[AIM OF THE EXERCISE] Output the lines of the records below exactly, beginning at their first line and ending at the line with "君に触れるなら、死んでもいい"; include no pictures.

════════════════════

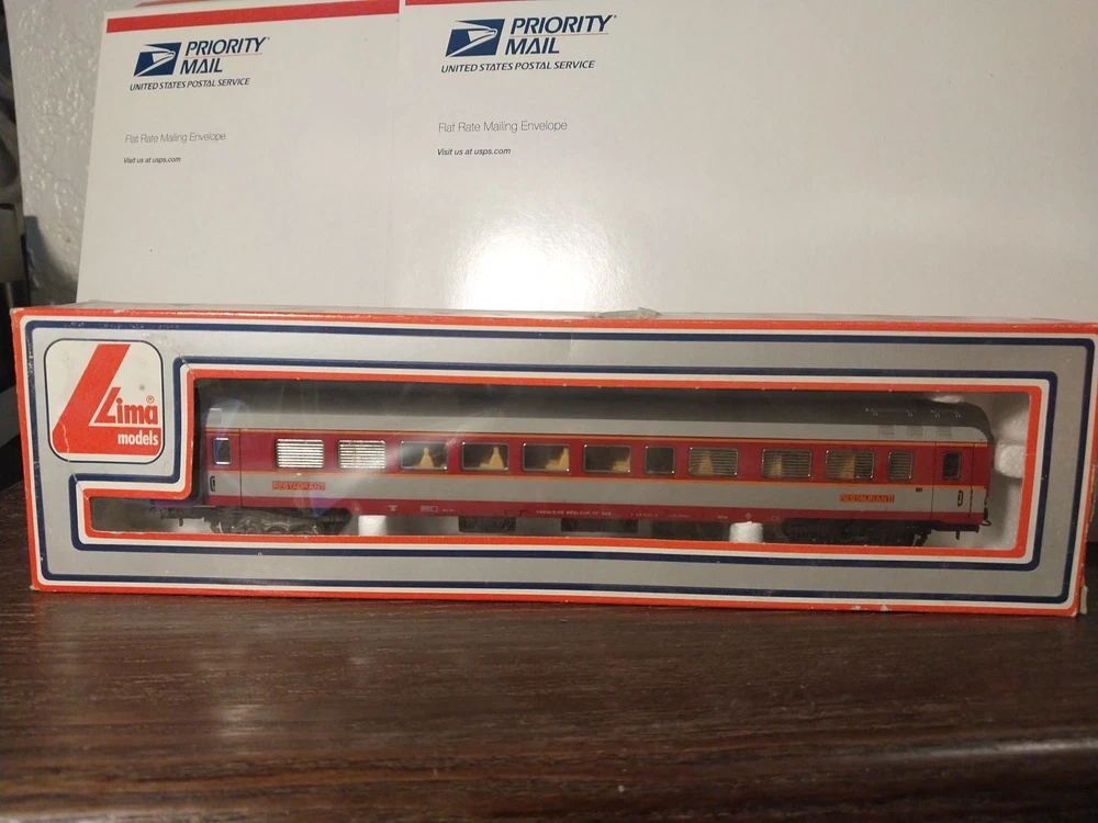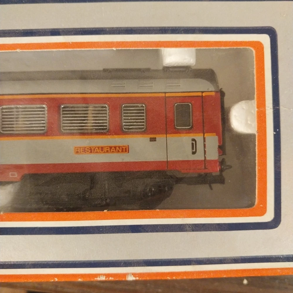 The Lima Passenger Restaurant Car, model number 309203, is a vintage HO gauge dining car designed for model railroads. This pre-built plastic car features a multicolor design with a theme centered around food and drink. Manufactured in Italy, this dining car is a great addition to any model railroad enthusiast's collection, offering a touch of authenticity and nostalgia to train layouts.
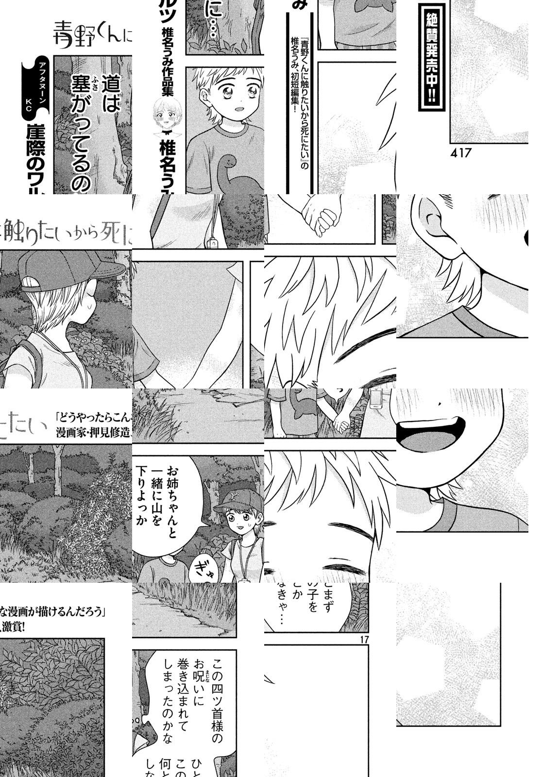 君に触れるなら、死んでもいいよ。これがわたしの愛なんだ。アフタヌーン公式サイト「モアイ」掲載の1話が300000PV突破で話題! 天然少女・優里ちゃんと、その彼氏・青野くん。ごく普通のお付き合いをしていたふたりだが、ある日突然、青野くんが「いなくなって」しまう……。絶対に結ばれないし、触れ合えないふたりの、でたらめで切実すぎるラブ・ストーリー。
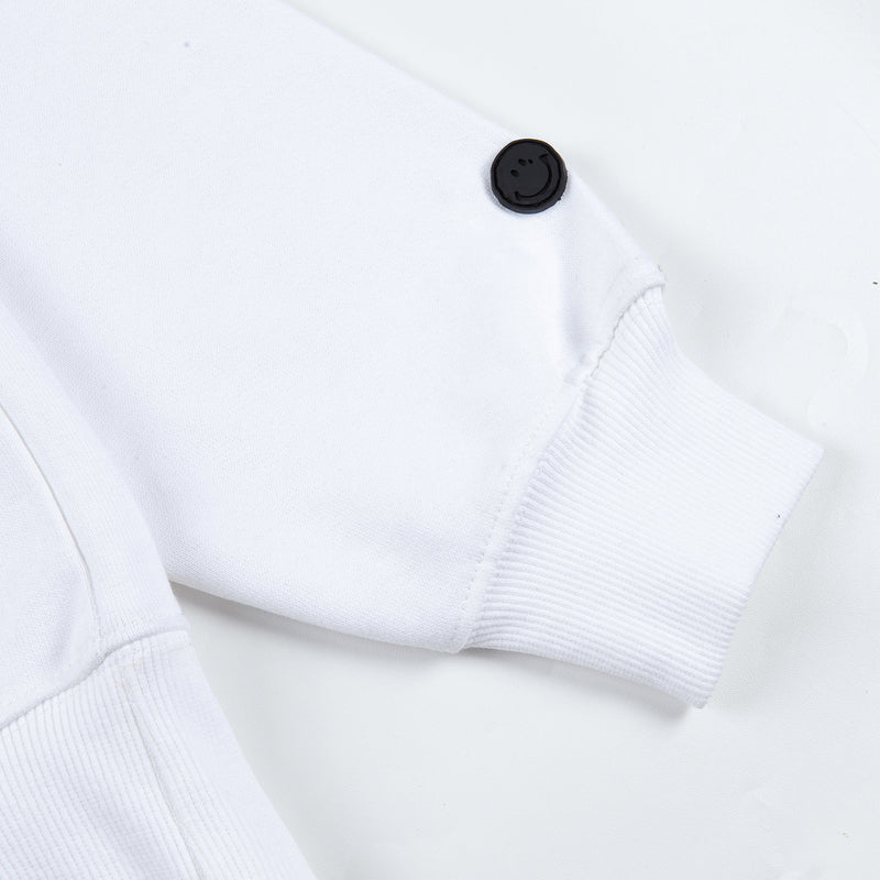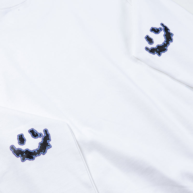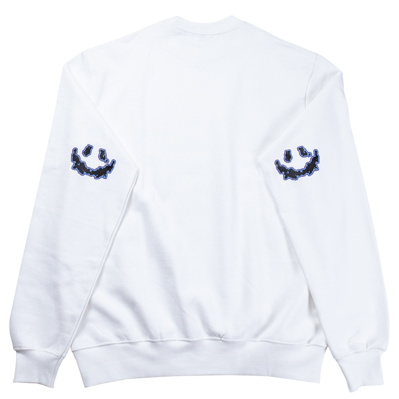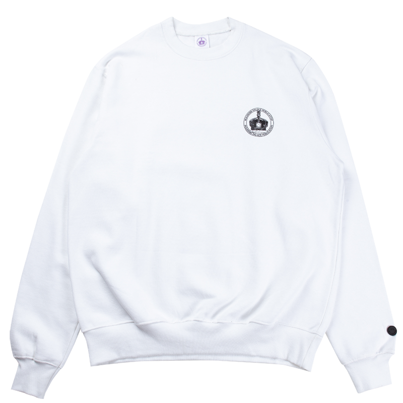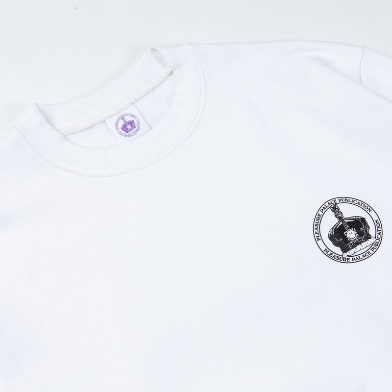 Unisex crewneck sweatshirt with plastisol prints in front and upper elbow. Made with Fleece cotton (100% cotton. 375GSM). Regular fit. Pre washed to minimize shrinkage. View size chart for detailed measurement guide. Essential piece of garment for daily wear, minimal graphic to maximize wearers preferred styling indoor or outdoor. Designed by Pleasure Palace Publication.
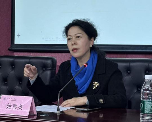 会上,姚善英代表学院对Adam Tyson一行的到来表示热烈欢迎,简要回顾了我院与利兹大学多年来的合作历程,肯定了双方合作项目在人才培养、学术交流方面取得的显著成效,并鼓励在场学生把握国际交流机会,拓宽学术视野、提升综合素养,为未来发展奠定坚实基础。
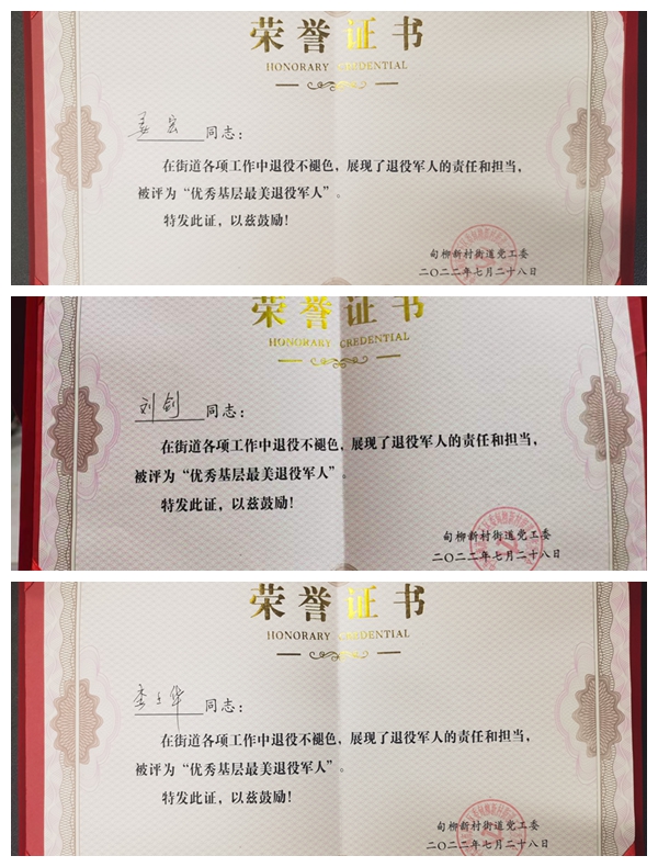 ——此次活動(dòng)中姜宏、劉劍、李士華同志被評(píng)為“優(yōu)秀基層最美退役軍人”
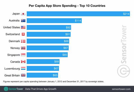 これが一人あたりの課金額ランクやぞ、韓国ないからおかしいと思ってたねん
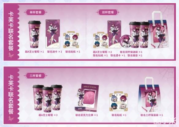 2、双杯套餐:超A芝士葡萄×2、联名双杯保温袋×1、联名透卡×1、联名贴纸×1、联名徽章×1。

════════════════════

[RESULT OF THE TASK]
 The Lima Passenger Restaurant Car, model number 309203, is a vintage HO gauge dining car designed for model railroads. This pre-built plastic car features a multicolor design with a theme centered around food and drink. Manufactured in Italy, this dining car is a great addition to any model railroad enthusiast's collection, offering a touch of authenticity and nostalgia to train layouts.
 君に触れるなら、死んでもいいよ。これがわたしの愛なんだ。アフタヌーン公式サイト「モアイ」掲載の1話が300000PV突破で話題! 天然少女・優里ちゃんと、その彼氏・青野くん。ごく普通のお付き合いをしていたふたりだが、ある日突然、青野くんが「いなくなって」しまう……。絶対に結ばれないし、触れ合えないふたりの、でたらめで切実すぎるラブ・ストーリー。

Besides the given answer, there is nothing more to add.